Наталка слушала эти рассказы и не верила, что дожила до такого. Пустота! Кругом: в теле, в душе – теперь одна пустота-пустотище! Наверное, будь этот холеный красивый господин трезвым, то и не сказал бы ничего путного – «нашел, мол, и нашел, отстань…» А тут на откровенность потянуло. Что у трезвого на уме, у пьяного на языке… Хотелось его тут же убить, но не сможет она, даже сонного и совсем беззащитного. Это не курице голову оттяпать, да и той она никогда бы не смогла. Эту прозу жизни девушка отчетливо для себя понимала. Разве что в драке с ним, если насильничать полезет, да и то вряд ли. При всей наружной смелости в словах – не было в ее характере чего-то такого, что разрешало бы мстить смертельно. Полиция здесь тоже бесполезна – прав он, никто ей там не поверит. Кто она и кто он… Нож – улика? Только она его теперь и видела, не схоронила же… Выбор, получается, только такой: этому нелюдю в имении ей служить и состоять при нем для плотских утех или чтобы сразу в лечебницу отправили, как буйную. Нет, любое его прикосновение к ней вызовет не просто отвращение, но и физическое негодование, взрыв. Значит, остается второй путь, и другого ей не дано. Не дано ли? А Иван! Про него забыла? Он-то ее в обиду не отдаст, только бы добраться теперь до любого, все рассказать. Но как? У нее даже про себя документа нет, да и был ли он вообще, ее пачпорт, здесь, у Ломовых? Пропал или Павел этот специально запрятал…

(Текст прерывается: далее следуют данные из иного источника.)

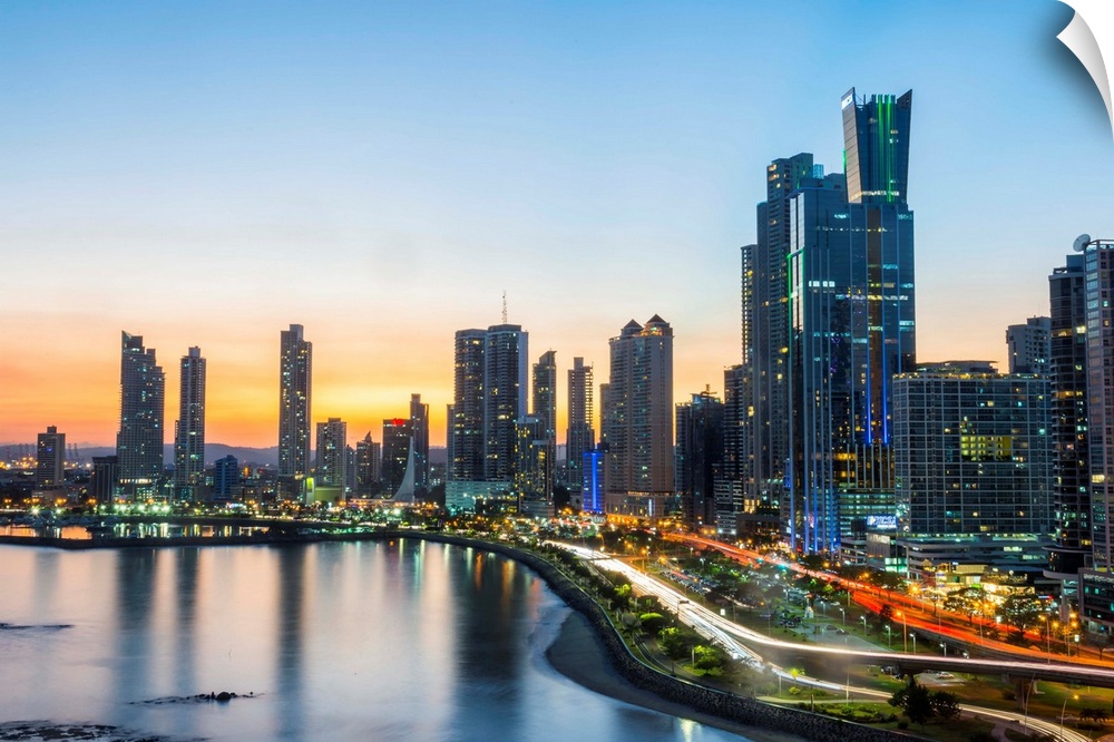 <p>The skyline of Panama City at night, Panama City, Panama</p>

Что-то, видимо, из этих ее мыслей стало вдруг понятным и Ломову, он как-то весь напрягся и вдруг резко вышел из комнаты, велев девушке следовать за ним. По пути требовал позвать управляющего, и тот на удивление быстро сподобился явиться на вызов.

– Вот что, Прохор. Боюсь, чтобы наша полоумная что-нибудь с собой не сотворила с горя по почившему нашему батюшке. Давай-ка запрем ее от греха в чулане на втором этаже. Там дверь крепкая, да и окошка нет. Брось туда ей матрасик любой с подушкой, ну, там, еды, пития поставь в достатке, кадушку принеси для справления нужд. Короче, сам знаешь. Пускай она там посидит денек-другой, потом сам решу, как и когда здорова ли будет. Я же теперь спать пойду в отцову спальню, голова со вчерашнего раскалывается. Да еще пришли кого-нибудь убраться у меня в опочивальне. Эта сумасшедшая там все порезала, перепачкала… Больная она и есть зараза больная…

«Все, теперь точно все. Запрет и будет поступать как с рабыней покорной. Случись что с ней: убьет ли в гневе (ему не привыкать) или сама руки на себя наложу – все подтвердят, что невменяемая была и после смерти деда обострение как раз случилось. Разгром в опочивальне тому будет подтверждение. Бежать надо немедленно, прямо отсюда, пока мне тюрьму эту Прохор наверху готовит».

Легко сказать – бежать. Когда тебя трясет всю, когда мысли путаются, когда вообще жить не хочется на белом свете. Тем не менее девушка доверилась некой своей интуиции и по ее зову выпорхнула через открытое окно с высокого карниза с высоты полутора саженей на землю. Бежала от дома прочь в полном бессознании того, что делает. Где-то потеряла туфлю, сбросила с ноги вторую, далее босяком, не разбирая дороги, задыхаясь, по крапиве, да по репьям, да по хляби – вниз по склону туда, где в отдалении должна быть деревушка ее верного Вани.

Через некоторое время девушка выбежала на поселковую дорогу, по ней бежалось много легче, хотя и силы уже оставляли. Но остановиться, передохнуть теперь не давала вся ее натура. Умру, но добегу. Проснулась наконец давно забытая сила воли, проснулось и второе дыхание. Вот уже, считай, минуло полдороги до Селец. Впереди вдали кто-то едет попутно на телеге с копенкой травы. Догнать бы, вот и подмогнули бы ей добраться живой. Одновременно сзади послышался конский топот. Страшась, она повернула голову и поняла, что за ней погоня – четко видны фигуры Павла и Прохора на конях. Догоняют…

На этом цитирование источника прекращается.